Some say once you’re gone you’re gone forever, and some say you’re gonna come back.
Some say you rest in the arms of the Saviour if in sinful ways you lack.
Some say that they’re comin’ back in a garden, bunch of carrots and little sweet peas.
I think I’ll just let the mystery be.

I think I’m with Iris on this one. I think I’ll just let the mystery be.
After all, God (and not just the Christian God, but any God) is clearly an awfully complicated fella (or indeed woman, or thing) to get one’s head around. Magic somehow seems a lot simpler. It also has the cheeky advantage of not necessarily excluding the possibility of God.
So, yeah, I’ll continue to be puzzled yet intrigued; confused yet fascinated.
But I think also I’ll continue to believe in something . . . . a magical dimension of some kind that none of us have the brains to appreciate right now, a magical dimension which not only enriches our earthly lives, but gives us a little hope of something more.
If I really have to give myself a label then I’ll call myself a romantic agnostic – (a) because I insist on a little romance in my life, and (b) because I prefer to keep the door ajar to the possibility of the seemingly impossible.
Trouble is. Trying to share your own visions of a god or simply of “something else beyond all of this” or of what I like to call “magic”, for heaven’s sake, is – as The Lovin’ Spoonful so rightly said – like trying to tell a stranger ’bout rock ’n’ roll.
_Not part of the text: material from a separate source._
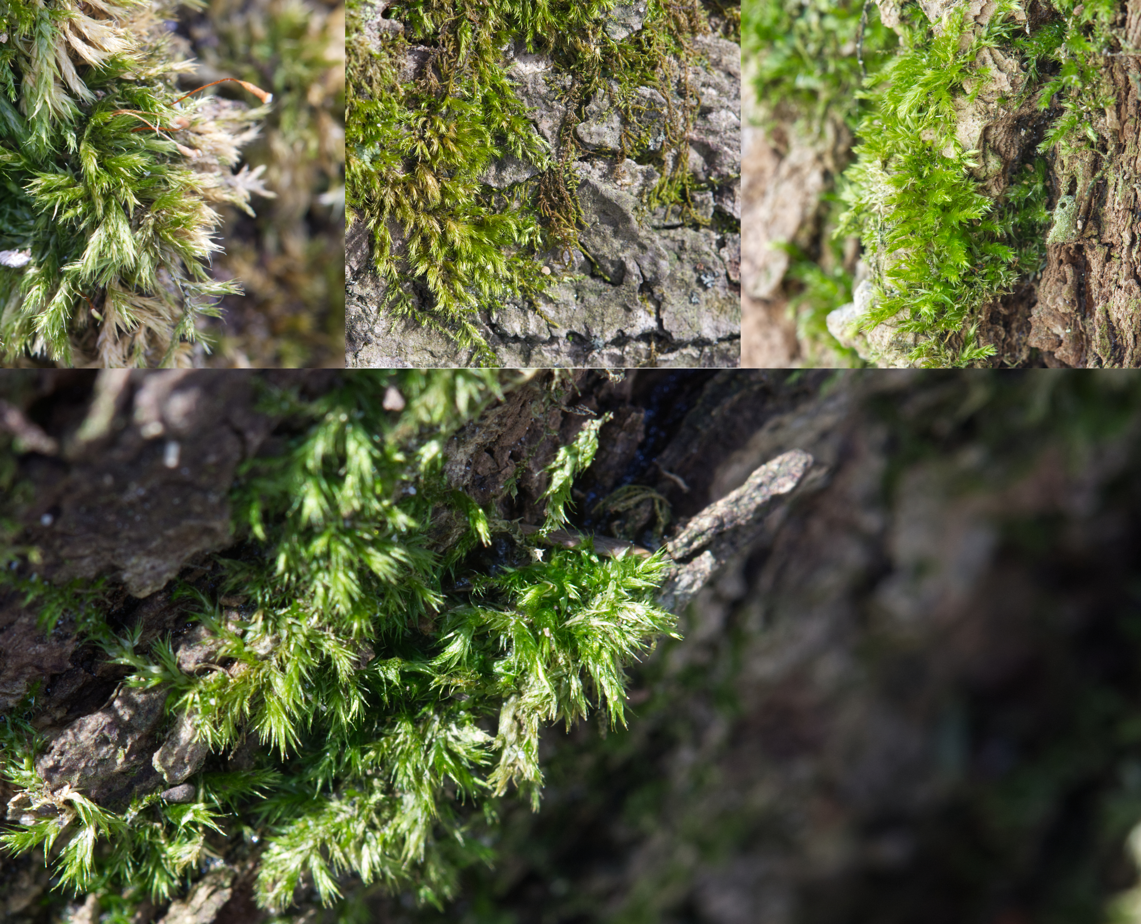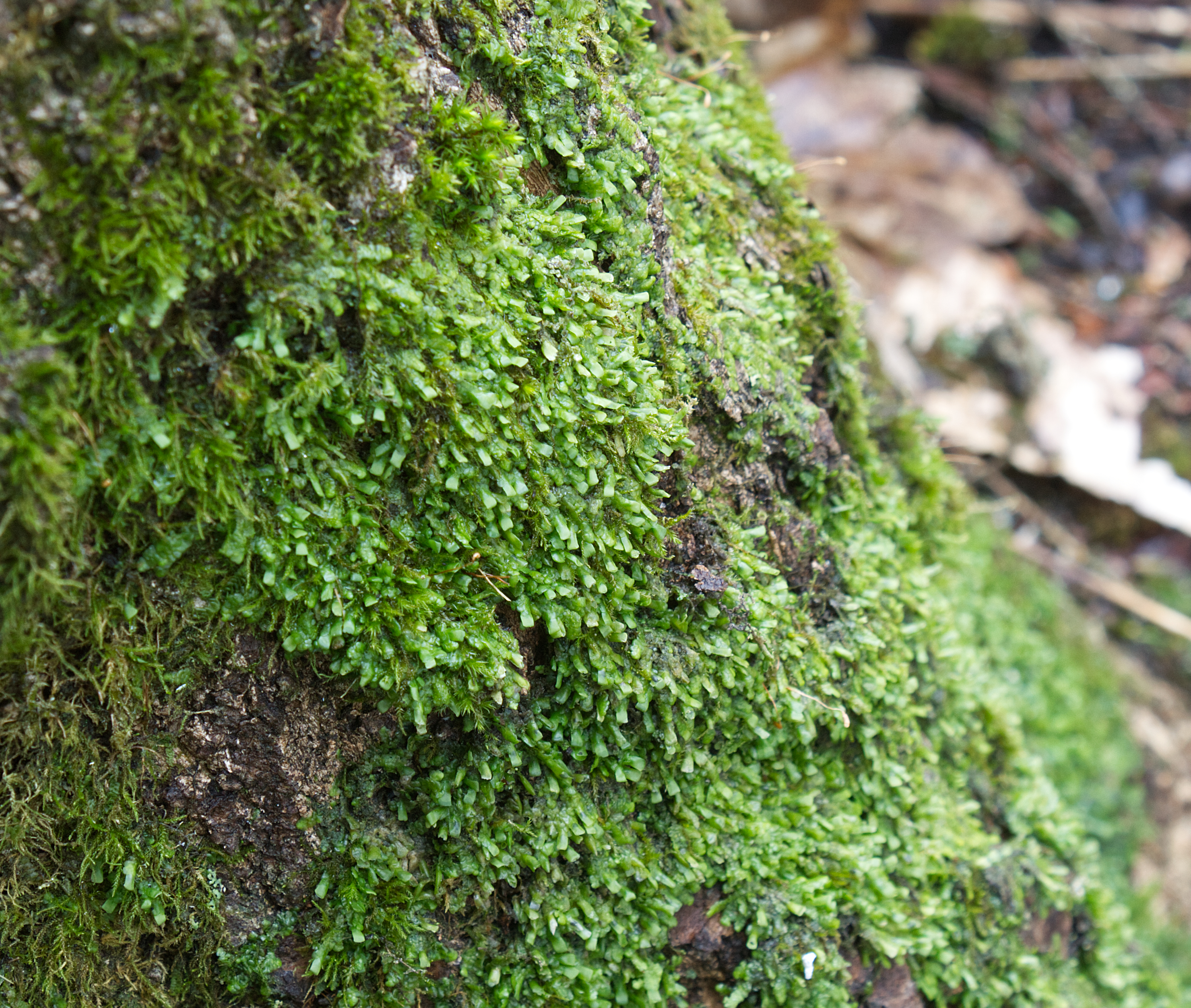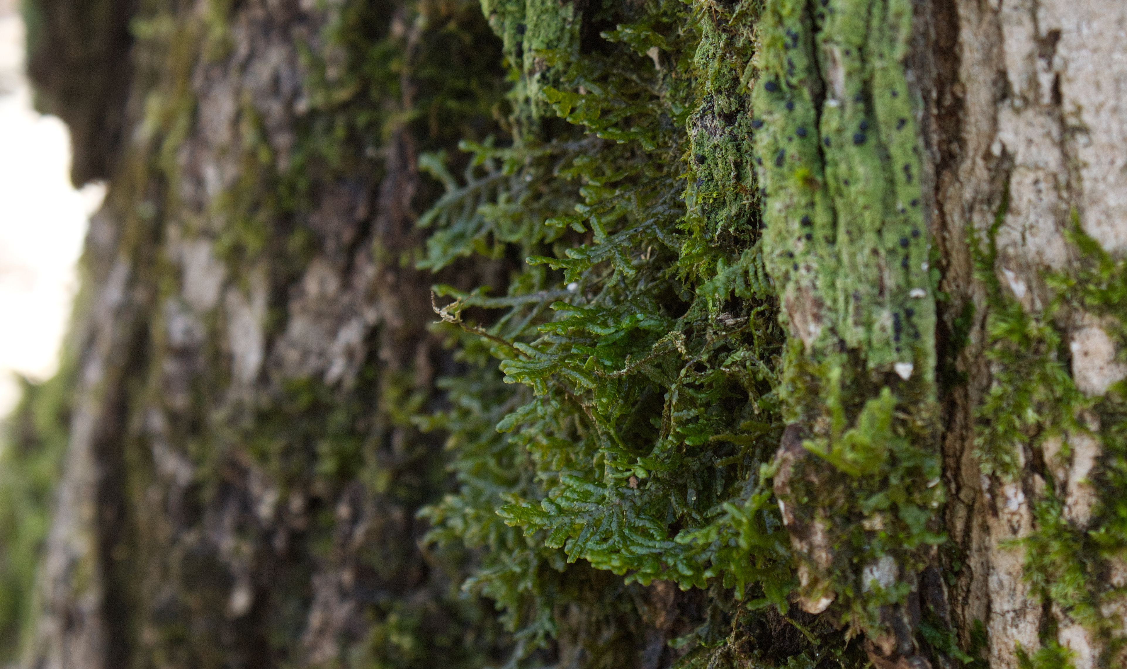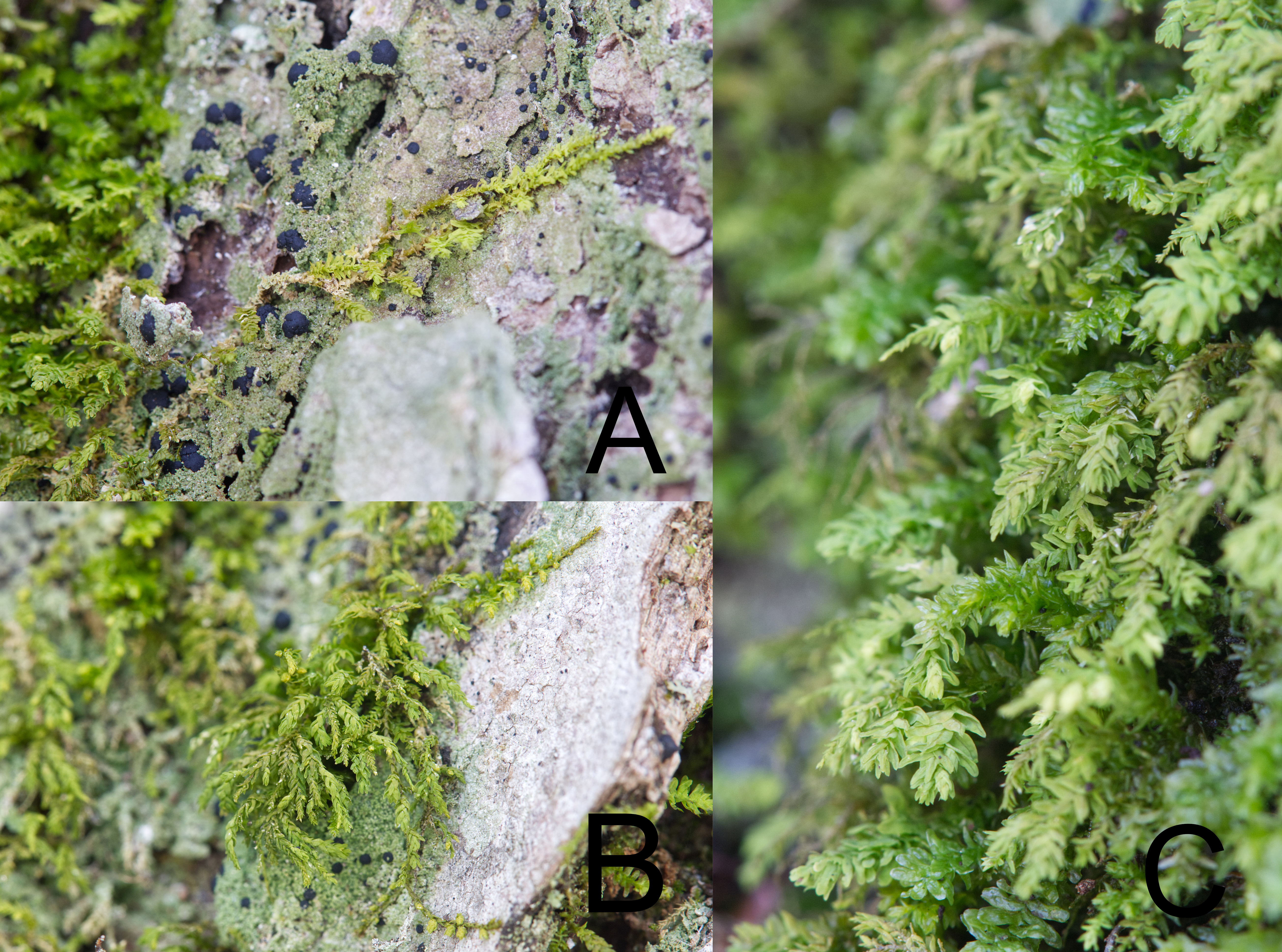 Co-dominant mosses included Tree-skirt Moss (Anomodon attenuatus), Shingle Moss (Neckera pennata) and Dented Silk Moss (Plagiothecium denticulatum).

Now, I’ve read Richard Dawkins’ The God Delusion from cover to cover. It is a book in which Dawkins comprehensively tramples all over God and any notions of supernatural dimensions. Dawkins is revered as one of our greatest intellectuals and this book is undoubtedly extremely clever, witty, tremendously well researched, and incredibly powerful in driving home its arguments. It’s a damn good read. And, frankly, I would have to agree with almost everything the man says. There simply is no scientific evidence for any kind of a god or any kind of an afterlife or any kind of miracles.
But, impressive though Dawkins is, we still cannot say with any certainty that he is right.
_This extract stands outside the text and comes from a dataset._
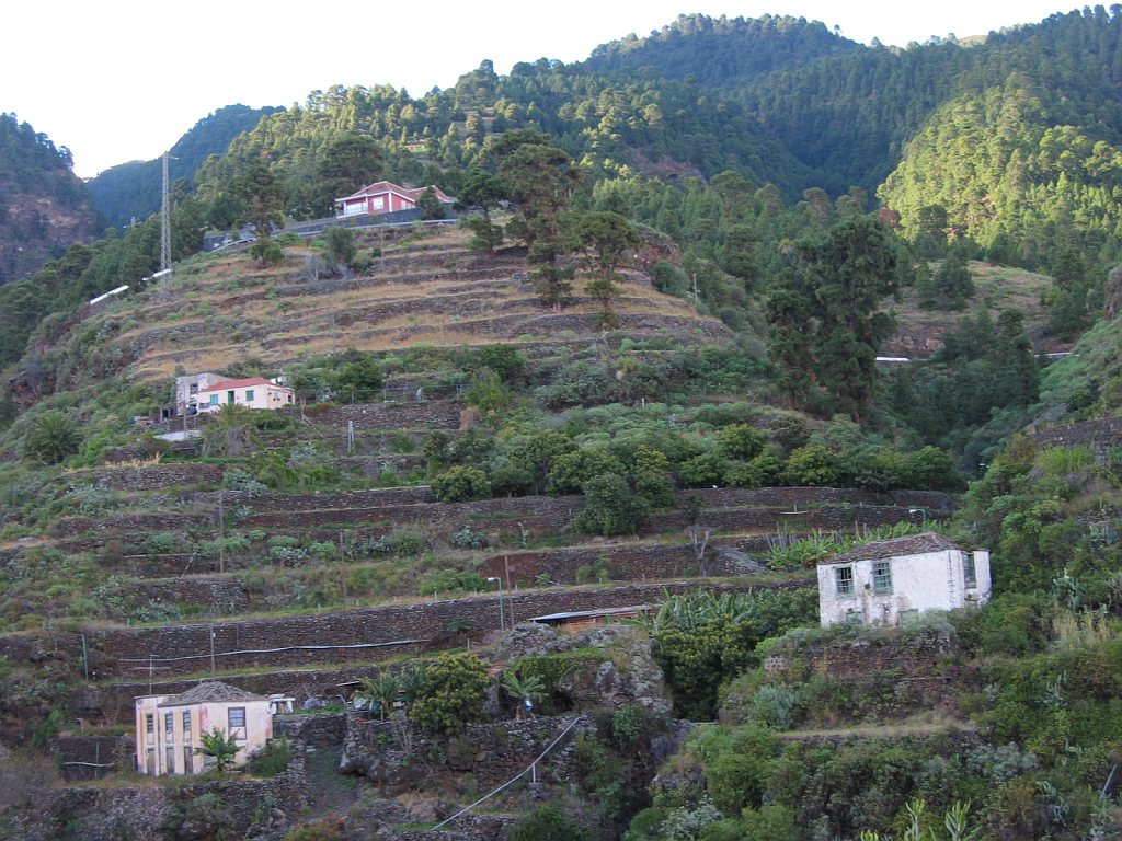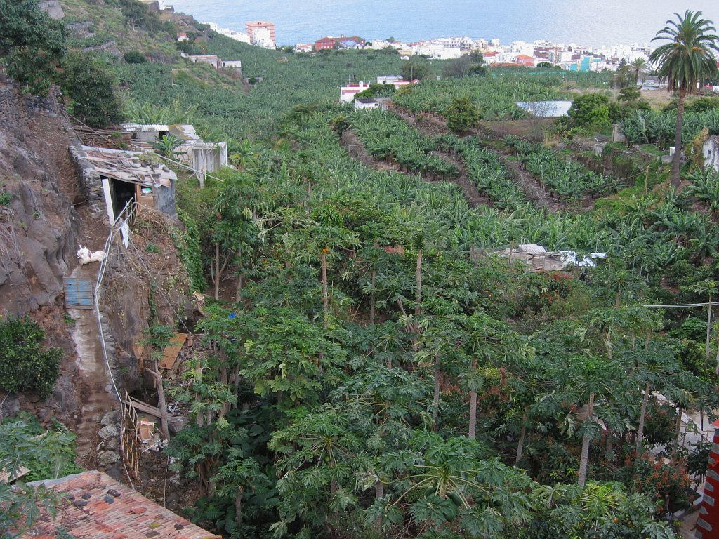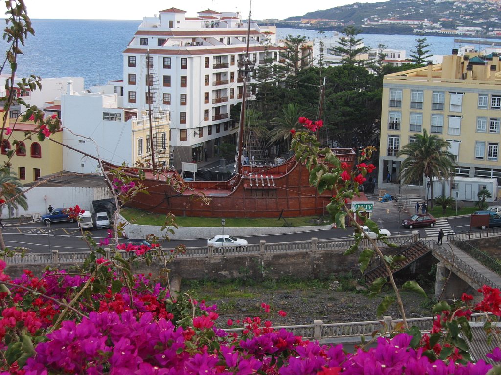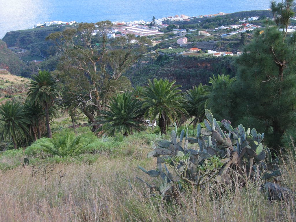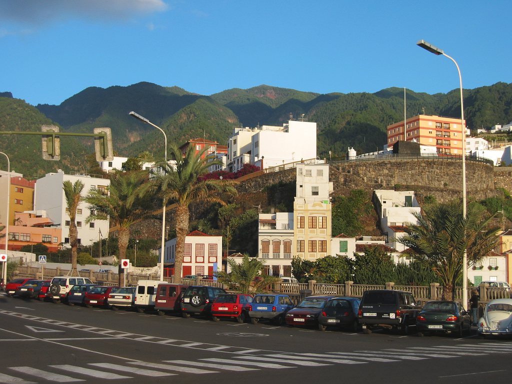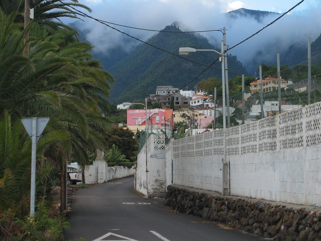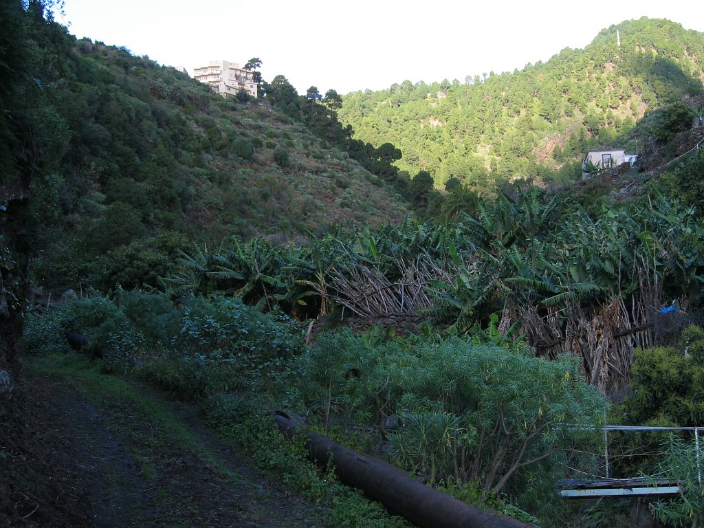 Start- und Endpunkt der Tour war mein Hotel Maritimo. Gegenüber dem Museumsschiff auf der anderen Seite der Avenida de las Nieves zweigt eine Bergstraße ab, die nach Las Nieves führt. Hier beginnt der Wanderweg PR LP3. Wegen einer Baustelle übersah ich beim Aufstieg den ausgeschilderten Weg. Am Ortsausgang von Santa Cruz verläuft der Weg auf der Straße nach Las Nieves. Nun befand ich mich auf dem richtigen Weg. An den Wegkreuzungen war der Weg gut ausgeschildert. Auf Höhe 250 m musste ich erstmal wieder 85m absteigen, um einen Ausläufer einer Barranco zu durchqueren - das Ganze dann noch einmal auf dem Rückweg. So waren noch 170 Hm zusätzlich zum eigentlichen Aufstieg von etwa 2230 Hm zu bewältigen.

When all is said and done, Professor Dawkins is just a human being like the rest of us, and although he gives the impression that he knows everything, it is unlikely that he does.
As I’ve already said, I happily go along with the vast majority of his arguments, but . . .
(Now, many who have read The God Delusion will cry: “How can there be any ‘buts’ after reading this extraordinary book?”)
I say only this. Set aside all the ideas about God and religion that man has toyed with since the dawn of humanity. But who is to say, even if every civilisation has got it hopelessly wrong for thousands of years, that there isn’t actually something else out there?
One of the really sad things about The God Delusion is that the arguments employed by Dawkins to rubbish God could just as easily be used to rubbish Love. After all, is there any scientific evidence to prove the existence of Love? Or is it merely something which many human beings choose to have faith in? Love can easily be dismissed (like religious belief) as the result of a chemical imbalance in the brain. If you don’t mind, I will choose a more romantic approach.
I know love is real, I keep an open mind about some kind of a god, I keep an open mind about angels and ghosts and an afterlife, and I most definitely DO believe in magic.
And this magic is not just to be found in the big stuff.
Some of us tend to think that magic can be found only in a round-the-world cruise or in winning the lottery, or in Christmas in Vermont or a romantic weekend in Paris, or in skydiving or in swimming with dolphins – and maybe magic can be found in these things. But what we so often fail to see is that magic can also be found in much more commonplace things: a chat with a friend, a drink down the local, a walk in the country, a beans-on-toast tea with your son.
Even these simple things can give us a glimpse of something beyond this earthly life. Even these simple things, therefore, can be imbued with what I call magic.
Yes. I think I shall call myself a romantic agnostic.
I really don’t believe this is intellectually lazy of me; surely it is more to do with being intellectually honest and emotionally open, leaving yourself receptive to at least the possibility of a spiritual dimension far beyond our feeble comprehension.